Demo VQE in different spin sectors doesn't seem to work for O2

I have successfully reproduced the demo ‘VQE in different spin sectors’ here

However I have run into difficulties attempting to replace the input H2 by O2.

At first the results for O2 triplet seem to make sense

import numpy as np
from pennylane import qchem
active_electrons = 2 #12 or 8
active_orbitals = 3  #8 or 6
symbols = ["O", "O"]
coordinates = np.array([0.0, 0.0, 0.0000, 0.0, 0.0, 2.5000])
molecule = qchem.Molecule(symbols, coordinates, mult=3)
import pennylane as qml

H, qubits = qml.qchem.molecular_hamiltonian(molecule, active_electrons=active_electrons, active_orbitals=active_orbitals, method='openfermion')
print("Number of qubits = ", qubits)
#print("The Hamiltonian is ", H)
H_sparse = qml.SparseHamiltonian(H.sparse_matrix(), wires=H.wires)
eigenvals = qml.eigvals(H_sparse, k=20)
print ("Exact energy %s " % (eigenvals))

electrons = active_electrons
S2 = qml.qchem.spin2(electrons, qubits)
#print(S2)
hf = qml.qchem.hf_state(electrons, qubits)
# Ground state triplet looks like this in a (2e,3o) active space
mystate = np.array([1,0,1,0,0,0])
print(mystate)
# The below assumes a hf state that is the singlet to generate excitations so may not be appropriate
singles, doubles = qml.qchem.excitations(electrons, qubits, delta_sz=0)
print(singles)
print(doubles)
def circuit(params, wires):
    qml.AllSinglesDoubles(params, wires, mystate, singles, doubles)
dev = qml.device("lightning.qubit", wires=qubits)
@qml.qnode(dev, interface="jax")
def cost_fn(params):
    circuit(params, wires=range(qubits))
    drawer = qml.draw(circuit)
    return qml.expval(H)

@qml.qnode(dev, interface="jax")
def S2_exp_value(params):
    circuit(params, wires=range(qubits))
    return qml.expval(S2)
def total_spin(params):
    return -0.5 + np.sqrt(1 / 4 + S2_exp_value(params))
from jax import random
import optax

opt = optax.sgd(learning_rate=0.8) # sgd stands for StochasticGradientDescent
key = random.PRNGKey(0)
init_params = random.normal(key, shape=(len(singles) + len(doubles),)) * np.pi
print (init_params)
# VQE
import catalyst
max_iterations = 100

prev_energy = 0.0
@qml.qjit
def update_step(i, params, opt_state):
    """Perform a single gradient update step"""
    grads = qml.grad(cost_fn)(params)
    updates, opt_state = opt.update(grads, opt_state)
    params = optax.apply_updates(params, updates)
    return (params, opt_state)

loss_history = []

opt_state = opt.init(init_params)
params = init_params

for i in range(max_iterations):
    params, opt_state = update_step(i, params, opt_state)
    energy = cost_fn(params)
    if (i % 10 == 0):
        print(f"iteration {i} energy {energy:.8f} Ha") 

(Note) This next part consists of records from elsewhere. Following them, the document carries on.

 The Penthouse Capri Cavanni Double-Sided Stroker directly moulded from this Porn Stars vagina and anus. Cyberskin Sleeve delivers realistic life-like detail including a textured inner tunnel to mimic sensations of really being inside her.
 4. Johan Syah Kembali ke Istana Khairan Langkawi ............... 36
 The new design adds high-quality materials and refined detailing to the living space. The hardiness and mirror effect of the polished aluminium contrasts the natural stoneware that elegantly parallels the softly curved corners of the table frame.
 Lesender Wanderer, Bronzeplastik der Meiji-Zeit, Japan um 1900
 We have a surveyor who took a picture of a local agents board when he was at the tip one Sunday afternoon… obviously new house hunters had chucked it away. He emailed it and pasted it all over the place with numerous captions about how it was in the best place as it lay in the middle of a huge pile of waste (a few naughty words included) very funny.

print("\n" f"Final value of the ground-state energy = {energy:.8f} Ha")
print("\n" f"Optimal value of the circuit parameters = {params}")
final_spin = total_spin(params)
print("\n" f"The ground state spin is  = {final_spin:.5f}")

The above code generates

Exact energy [-147.5092067 -147.38376755 -147.61107466 -147.61107466 -147.55836291
-147.55836291 -147.61107466 -147.17599662 -147.17599662 -147.24187354
-147.38376755 -147.38376755 -147.38376755 -147.24187354 -147.17599662
-147.24187354 -147.17599662 -147.24187354 -147.24187354 -147.24187354]

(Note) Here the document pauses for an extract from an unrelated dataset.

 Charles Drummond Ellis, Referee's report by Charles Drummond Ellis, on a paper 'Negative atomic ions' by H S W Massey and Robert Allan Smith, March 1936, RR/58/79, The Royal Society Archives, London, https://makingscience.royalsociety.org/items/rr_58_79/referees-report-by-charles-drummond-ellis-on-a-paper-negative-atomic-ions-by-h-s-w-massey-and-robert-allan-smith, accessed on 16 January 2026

iteration 0 energy -147.51428140 Ha
iteration 10 energy -147.60551214 Ha
iteration 20 energy -147.61084304 Ha
iteration 30 energy -147.61106517 Ha
iteration 40 energy -147.61107427 Ha
iteration 50 energy -147.61107464 Ha
iteration 60 energy -147.61107466 Ha
iteration 70 energy -147.61107466 Ha
iteration 80 energy -147.61107466 Ha
iteration 90 energy -147.61107466 Ha

Final value of the ground-state energy = -147.61107466 Ha

Optimal value of the circuit parameters = [ 2.5405380e-01 -1.6501926e-07 -1.1801571e+00 5.2432365e+00
-4.0081062e+00 6.6576648e+00 -2.6961534e+00 3.5518634e+00]

The ground state spin is = 1.00000

Which suggests VQE found the desired lowest energy triplet state.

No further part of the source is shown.